The commissioners unanimously approved the developer's proposal to build the houses plus remove 26 trees to erect the homes and donate a 3.7-acre parcel to Danville to give access to Oak Hill Park.

The Weber estate is located off Diablo Road on Hill Road, between Matadera Way and Blemer Road. It is near Monte Vista High School and Los Cerros Middle School.

More than 100 people filled the Town Meeting Hall on a cold and rainy Tuesday evening to hear the commission's decision. A handful of residents - the property's neighbors - voiced their opposition.

"It should be compatible with existing neighborhoods," said neighbor James Simpson. "I don't see how this is compatible."

"There are going to be absolutely less views," he added. "If it's up to me, I would just way leave it the way it is."

Nonetheless, the commissioners said Davidon Homes followed Danville's 2010 General Plan and worked with the town in creating a project that benefits the community.

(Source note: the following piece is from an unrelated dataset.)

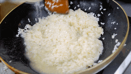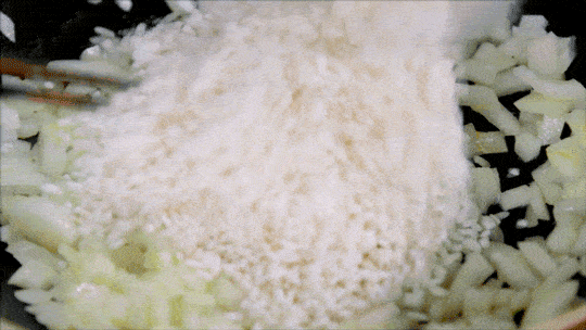 洋蔥放入鍋中,倒入橄欖油翻炒,再加入意大利米一起炒。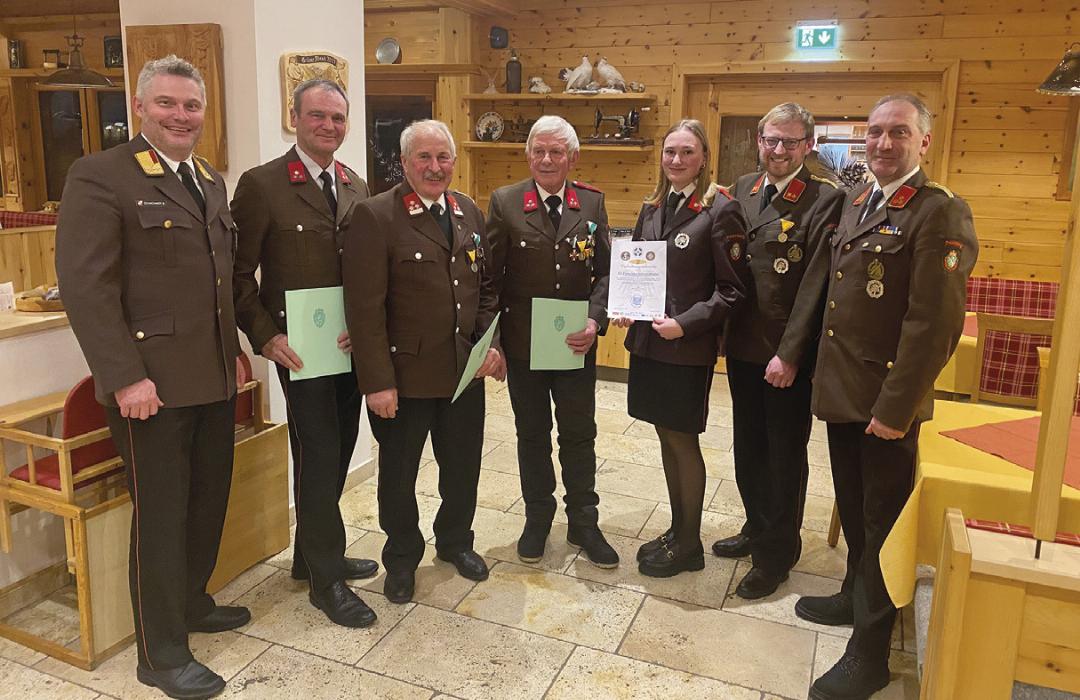 Abgesehen von den Einsätzen war die Abschnittsübung des Abschnittes Schladming ein besonderer Punkt im Bericht der FF Petersberg, da die Übung die Kameraden vor diverse Herausforderungen, wie Probleme mit der Digitalfunkabdeckung und Koordination aller Feuerwehren auf dem begrenzten Raum im Talkessel, stellte. OBI Franz Wieser wurde für 25-jährige Tätigkeit geehrt, HFM Franz Schwarzkogler für 40 Jahre bei der Feuerwehr. HLM Franz Wieser sen. erhielt eine Urkunde für 50 Jahre und HFM Josef Siedler konnte für 60 Jahre Mitgliedschaft ausgezeichnet werden. FF Franziska Schwarzkogler wurde eine Urkunde für das Schwimmabzeichen in Gold zuteil.

Davidon owns the property and submitted the application to the town in 2004.

"We have to look at the property a little differently," said Commissioner Robert Storer. "The property does have owners, and we have to look at their rights."

"We are not going to please everybody," Storer added. "The process does work. This project meets the intent of the general plan."

"It's a pretty good project," said Commissioner Robert Combs.

At the meeting, Davidon Homes executive Jim Thayer said he will build a road between Matadera Way and Blemer Road, which would alleviate traffic congestion during school peak hours.

The basic homes would range from 3,900 to 5,100 square feet. They would be built in various styles: Spanish, French Country, Tuscan, Traditional and Cottage Elementary.

Thayer has done professional traffic studies and other consultative work with the town to make sure the development fits in well with the community, he said.

Still, some residents believed traffic congestion, loss of privacy, flood problems and removal of trees would be issues. A few said the project would negatively impact their property values.

However, town staff believes Thayer's traffic studies are most likely accurate, and his project would ease traffic around the neighborhood.

"Little things are being made as huge things," Thayer said.

"I think this is a comprehensive plan," said former Planning Commissioner Tom Moran. "The architecture is wonderful. I think the presentation clearly demonstrates sensitivity to the general plan."

The property is home to the last remaining Weber sister, Lucille Weber. Neighbor Kristen Trisko said Lucille had willed her property to the Salvation Army who in turn took her to court to take title before she died.